Нет. Слово «серый» годится для описания мышей, скучного неба или дешевых карандашей. Его глаза были стальными. Теми самыми, которые видишь только на лезвии ножа, только что вытащенного из тела, — еще не успевшие затупиться, еще хранящие на себе отблеск чужой крови. Холодные. Пустые. И при этом до жути острые.
Этот взгляд скользнул по мне. Маленькой. Замершей с дурацкой ложкой в руке, в пижаме, которая уже давно просилась на выброс, — на ней были нарисованы зайчики. Нелепые, розовощекие, идиотские зайчики, которые прыгали по моей груди, пока я сидела, разинув рот, перед миской остывшего клейстера.
В этом взгляде не нашлось места ни капле любопытства. Ни жалости — той дежурной жалости, которую взрослые бросают детям. Ни даже раздражения от того, что на его пути оказался посторонний предмет.
Только оценка.
Чистая. Выверенная. Профессиональная. Я физически ощутила, как этот взгляд сдирает с меня мою детскую оболочку, как рентген просвечивает насквозь, фиксируя параметры: пол, возраст, рост, уровень угрозы. Я видела, как шестеренки в его голове щелкнули, выдав окончательный вердикт.
«Объект. Не опасен. Игнорировать»
Мое десятилетнее сердце сначала пропустило удар. Оно просто остановилось, как старые часы, которым не хватило завода. А потом оно сорвалось с места и забилось где-то в горле — тяжело, часто, панически, пытаясь вырваться наружу, чтобы убежать от этого человека. Я слышала собственный пульс в ушах, он заглушал даже звук дождя за окном.
Он стоял, небрежно прислонившись плечом к косяку, в черной куртке, забрызганной дождем. Обычная куртка. Обычный дождь. Но почему-то эти брызги казались не водой, а чем-то более зловещим — может быть, тем, что остается на одежде, когда стоишь слишком близко к чему-то, что взрывается. Его руки были опущены в карманы, поза — расслабленная, почти ленивая. Но каждая клетка моего тела, та древняя, животная часть сознания, которая не спит никогда, вопила: эти руки умеют делать больно.
Не так, как учителя, когда ставят двойку, и не так, как одноклассники, когда толкаются в коридоре. По-настоящему. Профессионально. Безжалостно.
Мой голос, когда я решилась его подать, прозвучал жалко и тонко.
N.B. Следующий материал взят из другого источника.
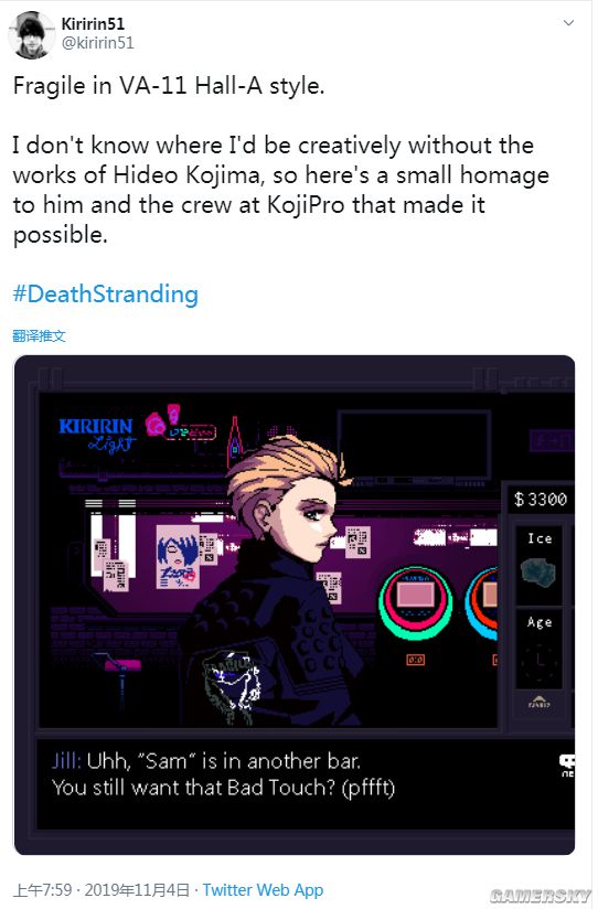 Kiririn51在推文中表示,他无从想象要是没了小岛秀夫,自己的创意又该从何而来。因此他此番创作了一张同人绘画,对小岛秀夫和小岛制作的开发者们致以了敬意。

Это был не голос. Это был писк мыши, которую огромный голодный кот уже придавил лапой к земле и теперь лениво размышляет: разорвать сейчас или поиграть сначала.
— А вы… — прошелестела я, сглотнув вязкую слюну. — Кто?
Он медленно — нет, не медленно, он делал все с какой-то кошачьей, экономной ленцой — перевел на меня свой ледяной взгляд. И я увидела, как в уголке его губ дернулась крошечная мышца. Один короткий, нервный спазм. Не улыбка. О, нет, это было нечто совсем иное. Это был нервный тик человека, который давно отвык, чтобы его вообще кто-то видел. Который привык двигаться в тенях, оставаясь незамеченным. И тут какая-то пигалица в пижаме с зайчиками осмеливается задавать ему вопросы.
Он ответил. Голос у него был низкий, хрипловатый, как наждак, которым провели по стеклу.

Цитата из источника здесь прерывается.